Prove that (2,0) is the closest point on the curve x^2 + y^2 = 4 on (4,0.
To prove that (2,0) is the closest point on the curve x^2 + y^2 = 4 to the point (4,0), we will use the distance formula. The distance between two points (x1, y1) and (x2, y2) is given by:
d = sqrt((x2 - x1)^2 + (y2 - y1)^2)
Let's calculate the distance between (2,0) and (4,0) and compare it with the distance between (2,0) and any other point on the curve x^2 + y^2 = 4.
Distance between (2,0) and (4,0):
d1 = sqrt((4-2)^2 + (0-0)^2)
= sqrt(2^2 + 0^2)
= sqrt(4)
= 2
Now, let's calculate the distance between (2,0) and any other point on the curve x^2 + y^2 = 4, using the equation for the curve.
Let y = f(x) be a point on the curve. Substituting y into the equation, we have:
x^2 + (f(x))^2 = 4
Simplifying, we get:
x^2 + f(x)^2 - 4 = 0
Now, we can use the distance formula to find the distance between (2,0) and (x, f(x)):
d2 = sqrt((x-2)^2 + (f(x) - 0)^2)
= sqrt((x-2)^2 + f(x)^2)
To prove that (2,0) is the closest point on the curve to (4,0), we need to show that d1 < d2 for any other point (x, f(x)) on the curve.
Therefore, we need to show that:
2 < sqrt((x-2)^2 + f(x)^2) for all (x, f(x)) on the curve
Since the equation (x-2)^2 + f(x)^2 represents the square of the distance between (2,0) and any other point on the curve, we want to minimize the expression.

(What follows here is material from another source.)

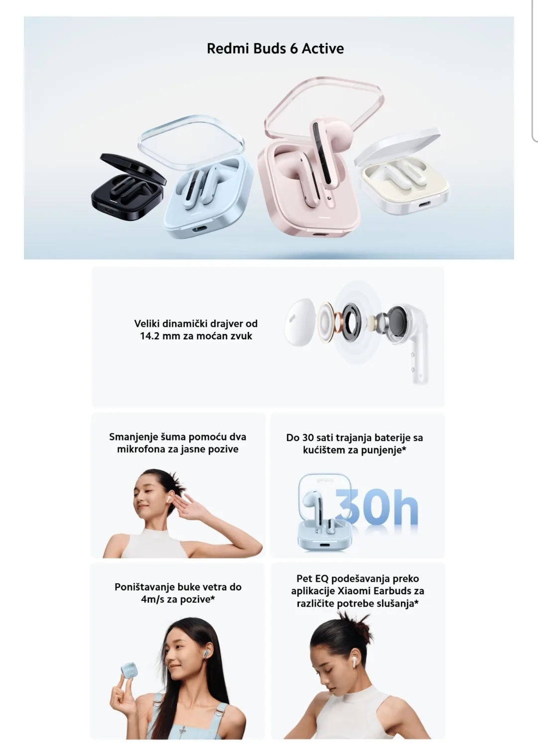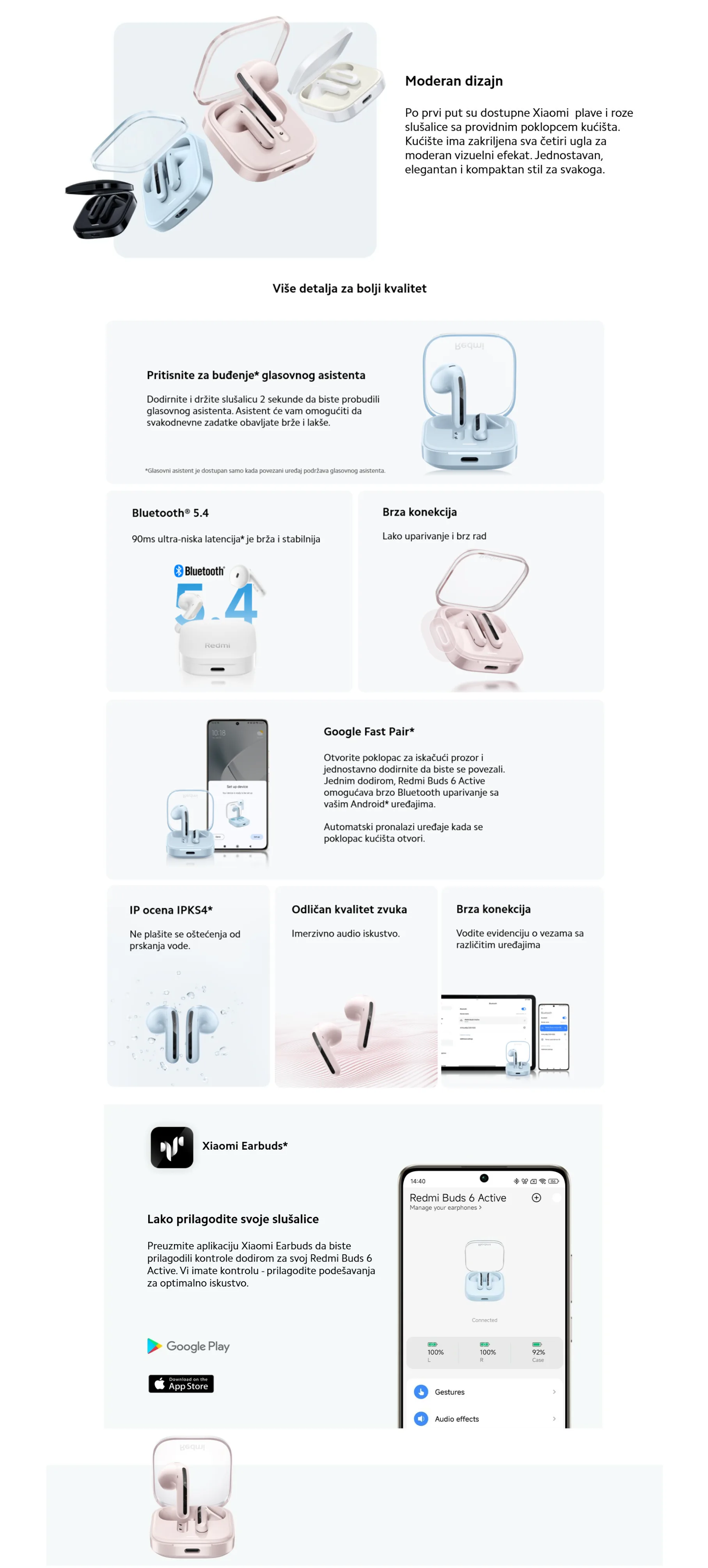 Redmi Buds 6 Active su savršene bežične Xiaomi slušalice za one koji cene kvalitet zvuka, udobnost i dugotrajnost baterije. Sa modernim funkcijama kao što su dugotrajna autonomija, otpornost na vodu i najnovija Bluetooth tehnologija, ove slušalice su dizajnirane da zadovolje potrebe modernog korisnika. Bilo da ih koristite za posao, rekreaciju ili slobodno vreme, Redmi Buds 6 Active pružaju izvanredno iskustvo u svakom trenutku. Ne propustite priliku da ih dodate u svoju kolekciju i uživate u vrhunskoj zvučnoj performansi sa najboljim Xiaomi Redmi slušalicama!

To minimize (x-2)^2 + f(x)^2 subject to the constraint x^2 + f(x)^2 = 4, we can use the method of Lagrange multipliers.
First, set up the Lagrangian L(x, f(x), λ) as follows:
L(x, f(x), λ) = (x-2)^2 + f(x)^2 - λ(x^2 + f(x)^2 - 4)

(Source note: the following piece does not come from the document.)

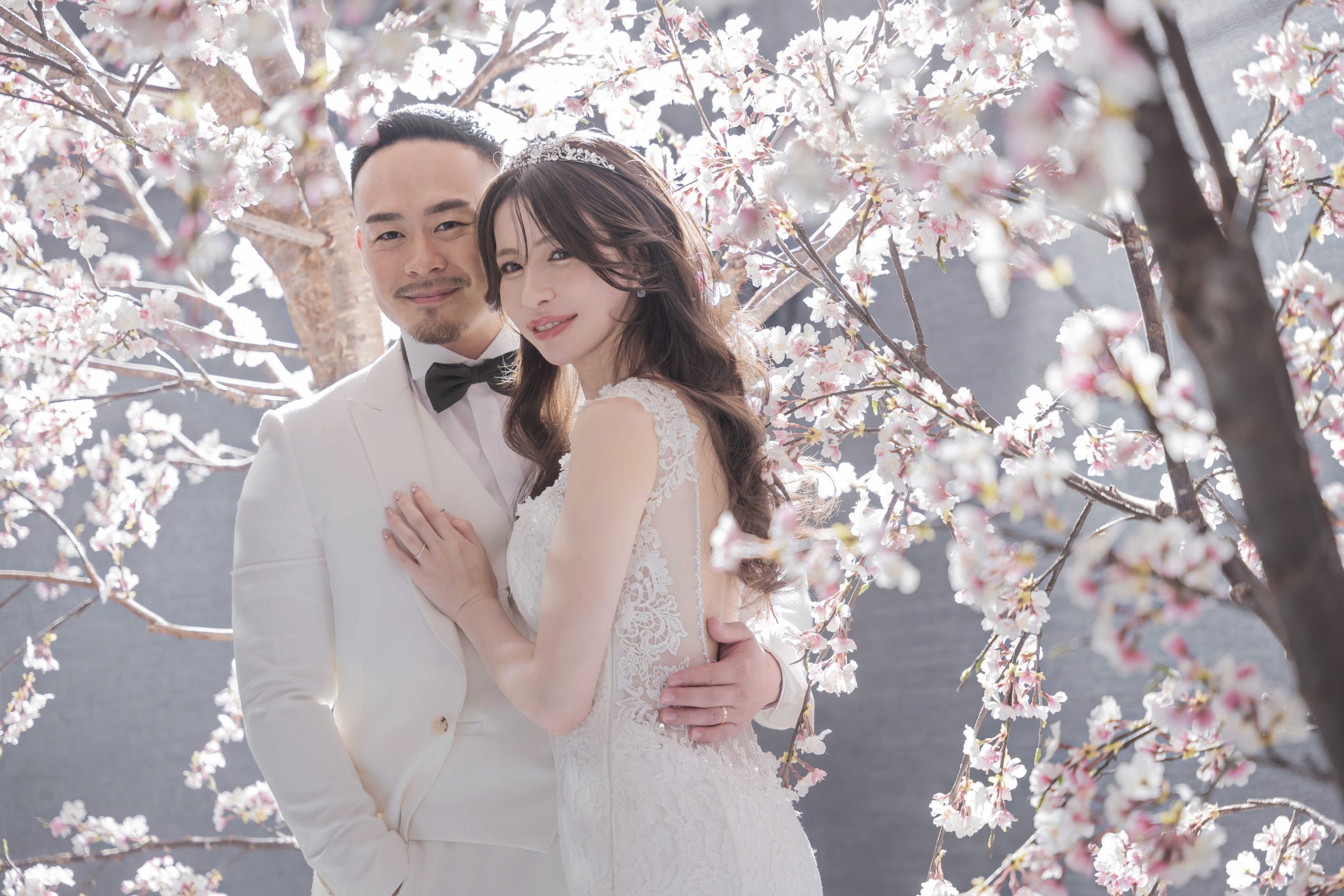 新婦様がそっと寄り添い、春らしい柔らかさに包まれた一枚。

Now, calculate the partial derivatives of L with respect to x, f(x), and λ, and set them equal to zero:
∂L/∂x = 2(x-2) - 2λx = 0
∂L/∂f(x) = 2f(x) - 2λf(x) = 0
∂L/∂λ = x^2 + f(x)^2 - 4 = 0
From the first equation, we get:
2(x-2) - 2λx = 0
2x - 4 - 2λx = 0
(2-2λ)x = 4
x = 4/(2-2λ)
From the second equation, we get:
2f(x) - 2λf(x) = 0
f(x) - λf(x) = 0
(1-λ)f(x) = 0
f(x) = 0 or λ = 1
If λ = 1, then from the third equation:
x^2 + f(x)^2 - 4 = 0
x^2 = 4
x = ±2
If f(x) = 0, then from the third equation:
x^2 + f(x)^2 - 4 = 0
x^2 = 4
x = ±2
Therefore, the critical points are (x=2, f(2)=0) and (x=-2, f(-2)=0).

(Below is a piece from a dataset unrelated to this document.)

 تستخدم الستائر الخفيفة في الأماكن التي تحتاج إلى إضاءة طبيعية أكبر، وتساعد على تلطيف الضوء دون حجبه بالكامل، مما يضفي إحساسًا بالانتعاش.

Now, substitute these critical points into the expression for d2:
d2 = sqrt((x-2)^2 + f(x)^2)
= sqrt((2-2)^2 + 0^2)
= sqrt(0 + 0)
= 0
Since d2 = 0 at these critical points, and d1 (distance between (2,0) and (4,0)) is positive, we can conclude that (2,0) is the closest point on the curve x^2 + y^2 = 4 to the point (4,0).